Scan the data for "rakenne" and copy each matching line.

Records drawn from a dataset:
--
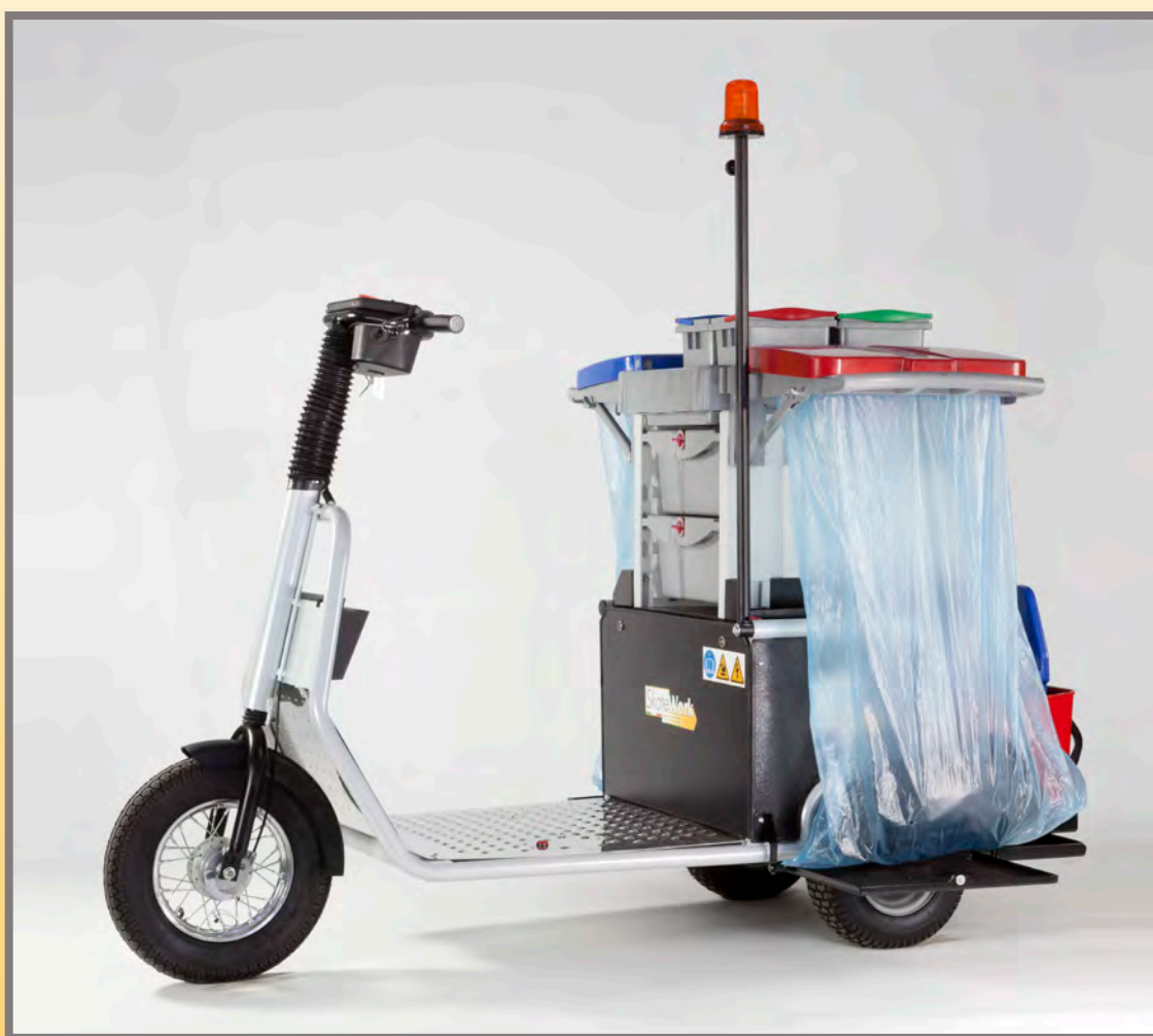
Kit Pulizie Fil_1 Fil_1 cleaning kit
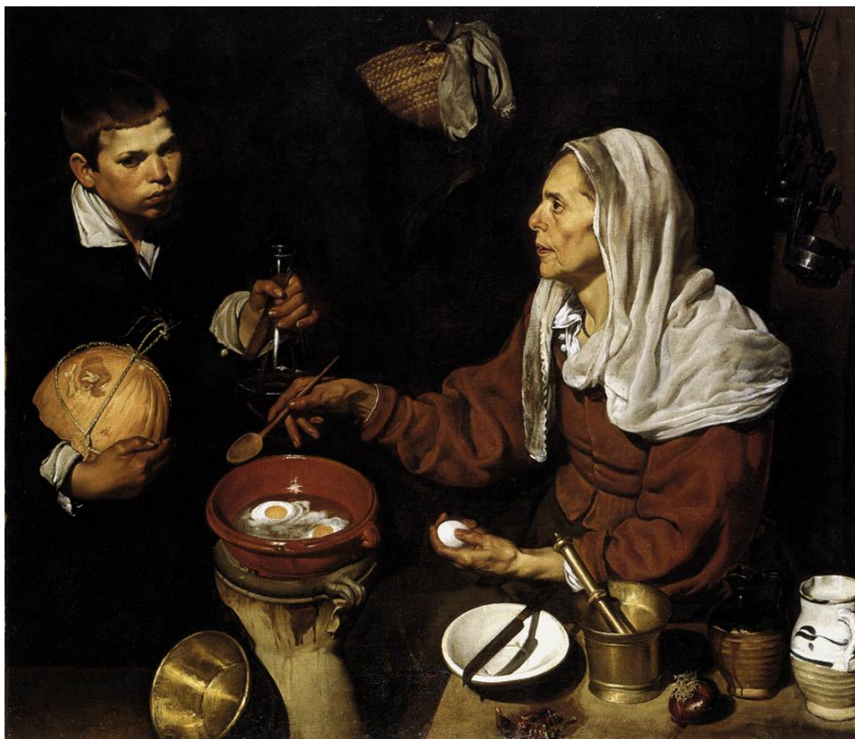
Fonte: Óleo sobre tela, 101 x 120 cm National Gallery of Scotland, Edinburgh

A obra do pintor espanhol Diego de Velázquez sempre foi marcada por contrastes, sejam eles contrastes de luz, contrastes de temas e contrastes entre itens dentro de suas telas. O fato de utilizar-se do claro-escuro de Caravaggio pode remeter ao Tenebrismo, uma espécie de sub-corrente barroca, marcada pelo uso de contraste de luz, com áreas da tela com grande incidência de luz e outras áreas na mais completa escuridão.
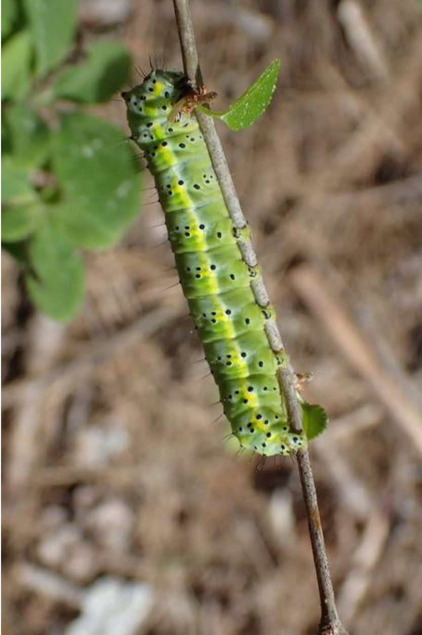
Diloba caeruleocephala Noctuidae
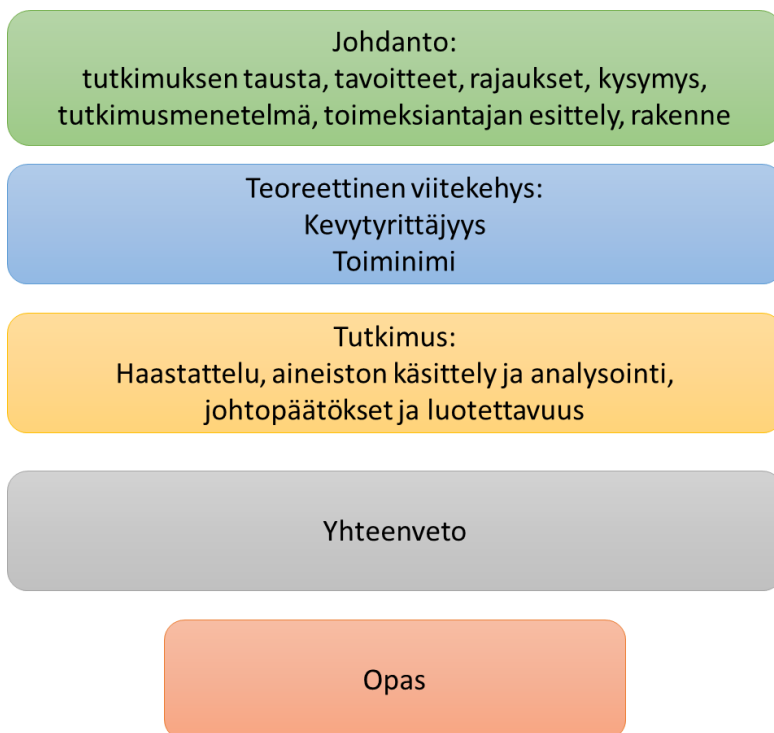
Kuvio 1. Opinnäytetyön rakenne

Opinnäytetyön johdanto paljastaa perusteet ja lähtötiedot aiheen tutkimiselle, perustele aiheen valinnan, määrittelee tavoitteen, pääkysymyksen, tutkimusmenetelmät, hankitun tiedon lähteistä. Lisäksi johdanto sisältää kuvioineen rakenne osion.
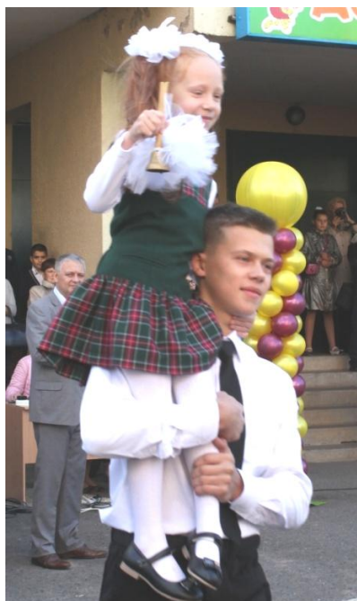
Первый звонок учебного года.

И вновь наша школа открыла свои двери для учеников. И вновь коридоры оживились беспечной бегомней детей, с учебников сдули поднакопившуюся пыль, а под партами появились свежие жвачки. Вновь мы отметили День знаний.
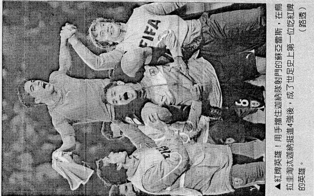
▲紅牌英雄！用手擋住迦納隊射門的蘇亞雷斯，在烏拉圭淘汰迦納挺進4強後，成了世足史上第一位吃紅牌的英雄。

▲我接！蘇亞雷斯 (左) 這個故意手球，讓烏拉圭在睽違40年後再度挺進世足4強，烏拉圭後衛富西萊 (右) 也壯烈成仁，只是慢了一步。
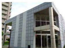
コミュニティプラザ
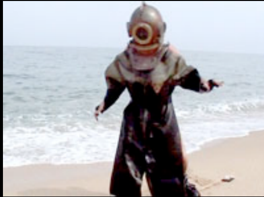
13 - SAUVONS ROBINSON (18mn57) Un Robinson des temps modernes, en mer Caspienne. Réalisation: Philippe Pasquini (Paris)
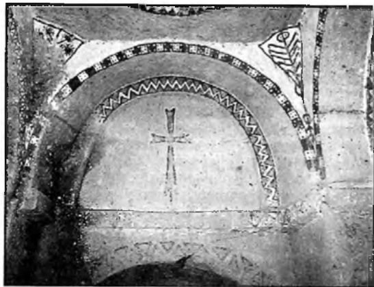
5. kép Göreme. Szent Eusztathiosz templom, a "kopasz" kereszt...
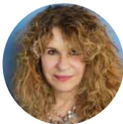
Gioconda Belli Nicaragua

Su obra incluye poesía, novela, una memoria y un cuento para niños. Entre sus novelas destaca La Mujer Habitada (Premio de la Fundación de Libreros, Bibliotecarios y Editores Alemanes y el Premio Anna Seghers de la Academia de Artes de Alemania) y Waslala (1996). Su memoria El país bajo mi piel (2001) fue nominado como uno de los mejores libros del año por Los Angeles Times. Con El Infinito en la palma de la mano (2008) obtuvo el Premio Biblioteca Breve y el Premio Sor Juana Inés de la Cruz. En 2010, su novela El país de las mujeres recibió el Premio Hispanoamericano “La Otra Orilla”.
--
__Result of this task__:
Kuvio 1. Opinnäytetyön rakenne
Opinnäytetyön johdanto paljastaa perusteet ja lähtötiedot aiheen tutkimiselle, perustele aiheen valinnan, määrittelee tavoitteen, pääkysymyksen, tutkimusmenetelmät, hankitun tiedon lähteistä. Lisäksi johdanto sisältää kuvioineen rakenne osion.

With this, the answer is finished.